**Task description:**
Would you output the entries below only from the line containing "Rivestimenti esterni in" through the line containing "Constructed with Black", exactly as they stand and with both ends included?

======== Record excerpts ========

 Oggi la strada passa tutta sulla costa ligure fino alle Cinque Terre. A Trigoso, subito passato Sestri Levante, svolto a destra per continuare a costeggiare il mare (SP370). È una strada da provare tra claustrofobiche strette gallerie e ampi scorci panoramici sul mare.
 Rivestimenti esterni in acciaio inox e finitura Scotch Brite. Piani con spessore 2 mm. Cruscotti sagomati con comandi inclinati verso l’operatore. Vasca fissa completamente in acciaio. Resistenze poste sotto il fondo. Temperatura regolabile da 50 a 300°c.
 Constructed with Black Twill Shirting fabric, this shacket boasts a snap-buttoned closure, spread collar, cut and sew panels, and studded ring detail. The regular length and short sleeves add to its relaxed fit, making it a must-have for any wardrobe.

========
======== Record excerpts ========

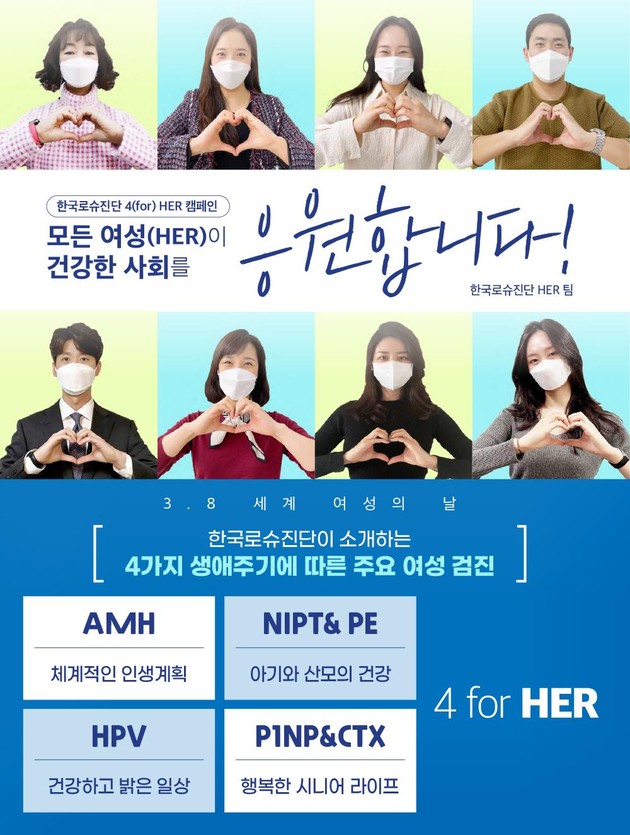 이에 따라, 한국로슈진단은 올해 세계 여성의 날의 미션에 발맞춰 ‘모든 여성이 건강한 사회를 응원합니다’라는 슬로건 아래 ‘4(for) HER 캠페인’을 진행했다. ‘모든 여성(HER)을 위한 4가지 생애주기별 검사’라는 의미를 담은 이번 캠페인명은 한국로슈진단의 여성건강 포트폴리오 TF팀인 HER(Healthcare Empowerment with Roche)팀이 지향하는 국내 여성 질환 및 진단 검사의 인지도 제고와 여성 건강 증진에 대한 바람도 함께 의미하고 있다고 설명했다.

========
======== Record excerpts ========

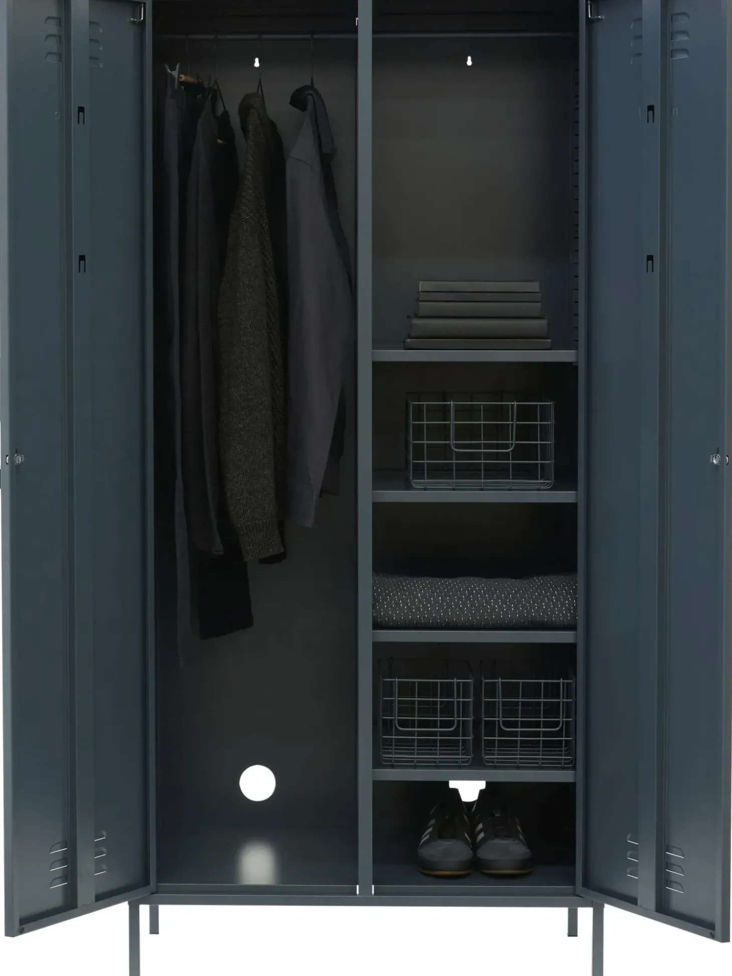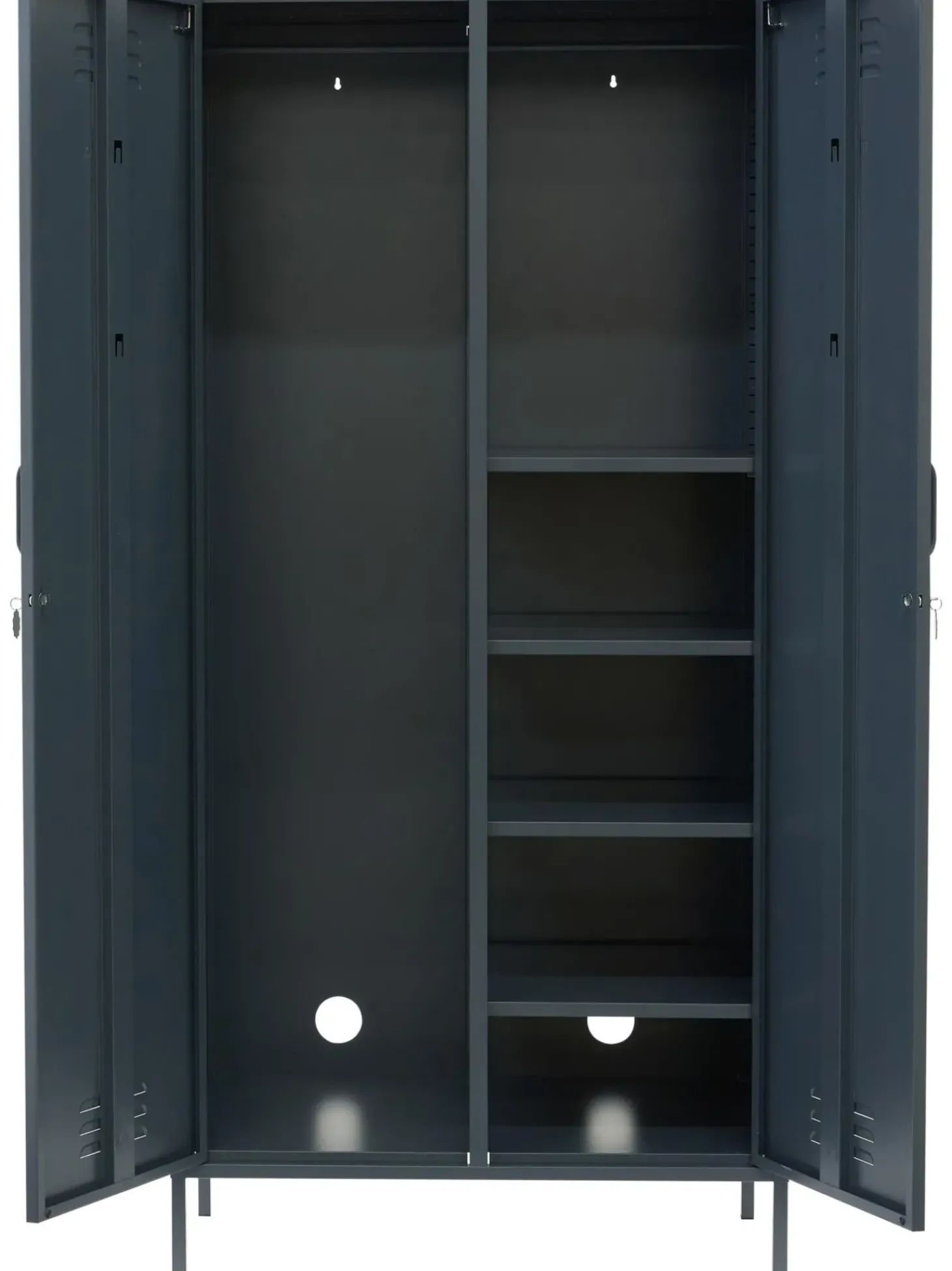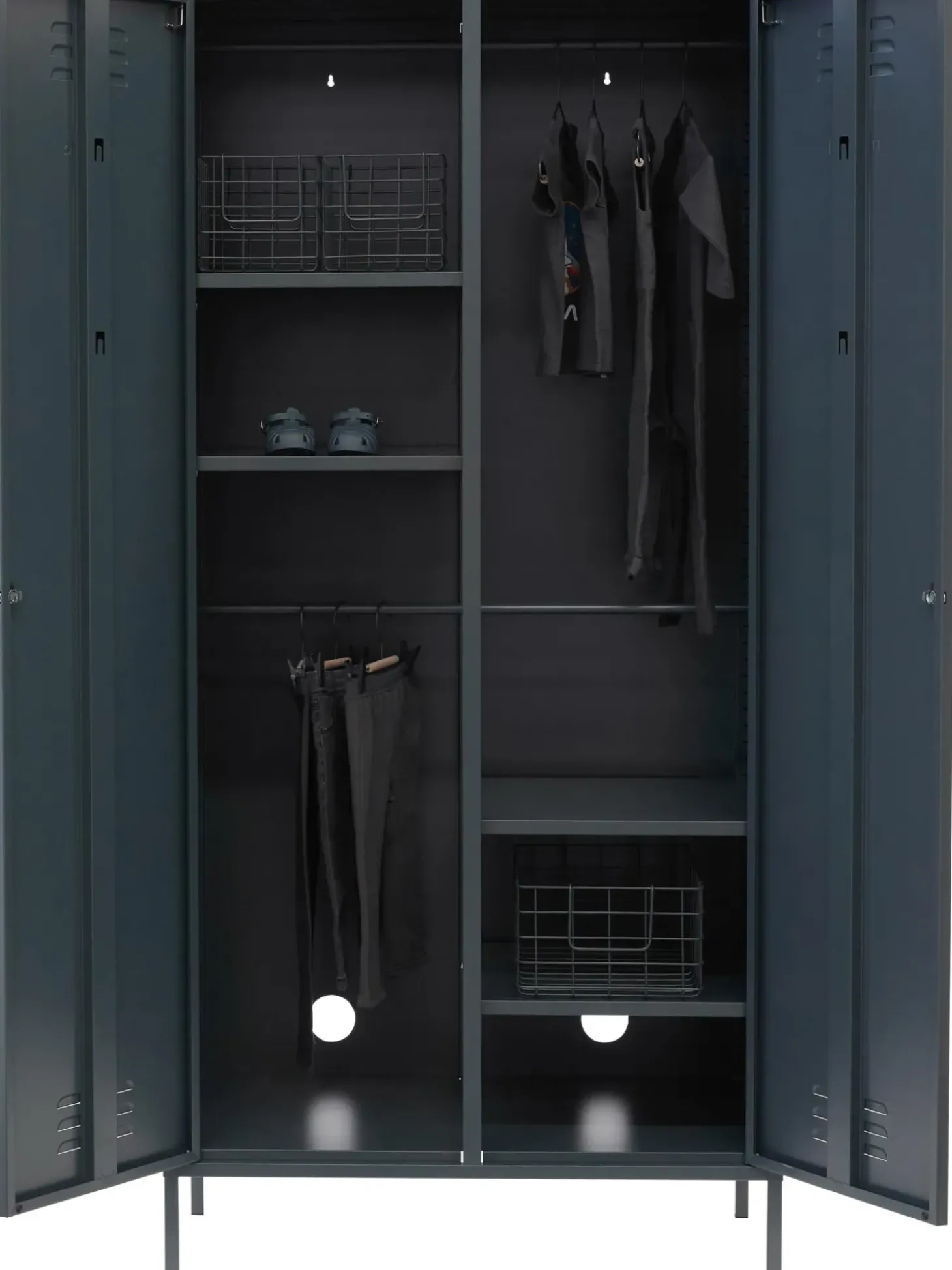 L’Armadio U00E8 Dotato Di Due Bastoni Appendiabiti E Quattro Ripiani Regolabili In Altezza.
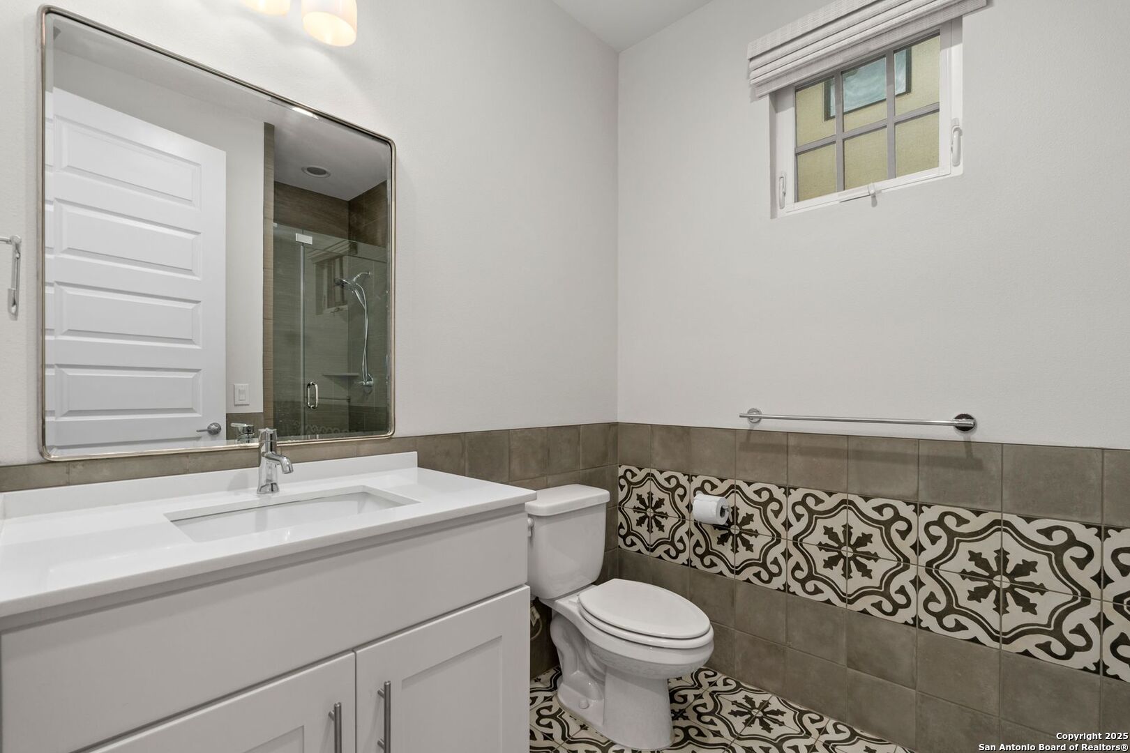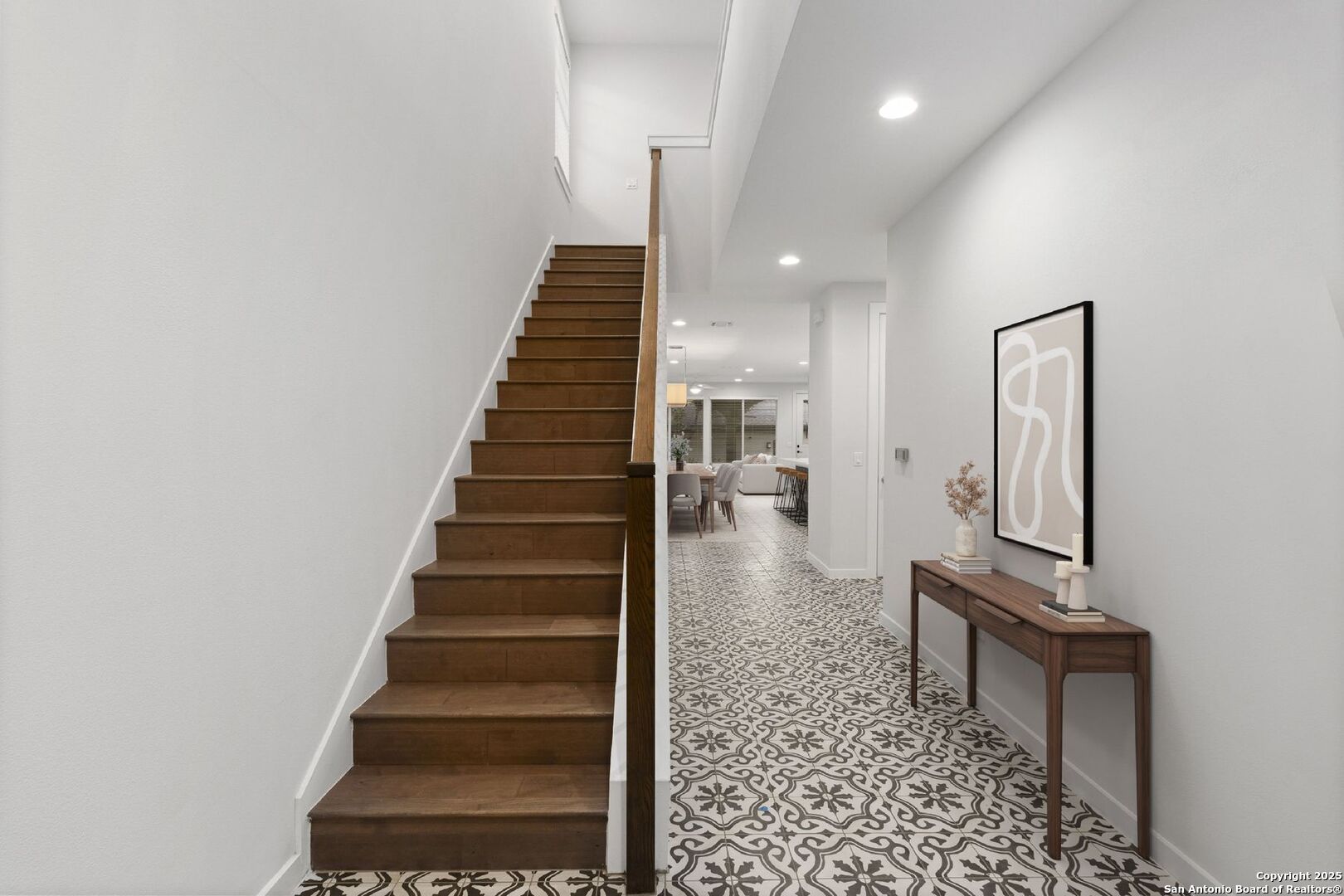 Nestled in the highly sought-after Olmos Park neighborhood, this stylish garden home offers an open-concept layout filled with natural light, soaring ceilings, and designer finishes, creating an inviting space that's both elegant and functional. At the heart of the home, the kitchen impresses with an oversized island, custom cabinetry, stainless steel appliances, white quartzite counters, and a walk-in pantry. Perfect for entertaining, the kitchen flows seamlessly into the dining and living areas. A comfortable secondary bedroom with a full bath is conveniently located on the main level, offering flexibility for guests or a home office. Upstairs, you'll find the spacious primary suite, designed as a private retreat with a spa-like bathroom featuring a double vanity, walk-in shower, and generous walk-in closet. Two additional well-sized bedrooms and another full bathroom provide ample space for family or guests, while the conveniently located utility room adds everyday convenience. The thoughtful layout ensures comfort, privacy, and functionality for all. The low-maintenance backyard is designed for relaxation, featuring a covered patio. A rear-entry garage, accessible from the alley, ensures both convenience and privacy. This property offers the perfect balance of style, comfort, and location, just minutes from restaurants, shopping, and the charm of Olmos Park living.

========

**Completed task:**
 Rivestimenti esterni in acciaio inox e finitura Scotch Brite. Piani con spessore 2 mm. Cruscotti sagomati con comandi inclinati verso l’operatore. Vasca fissa completamente in acciaio. Resistenze poste sotto il fondo. Temperatura regolabile da 50 a 300°c.
 Constructed with Black Twill Shirting fabric, this shacket boasts a snap-buttoned closure, spread collar, cut and sew panels, and studded ring detail. The regular length and short sleeves add to its relaxed fit, making it a must-have for any wardrobe.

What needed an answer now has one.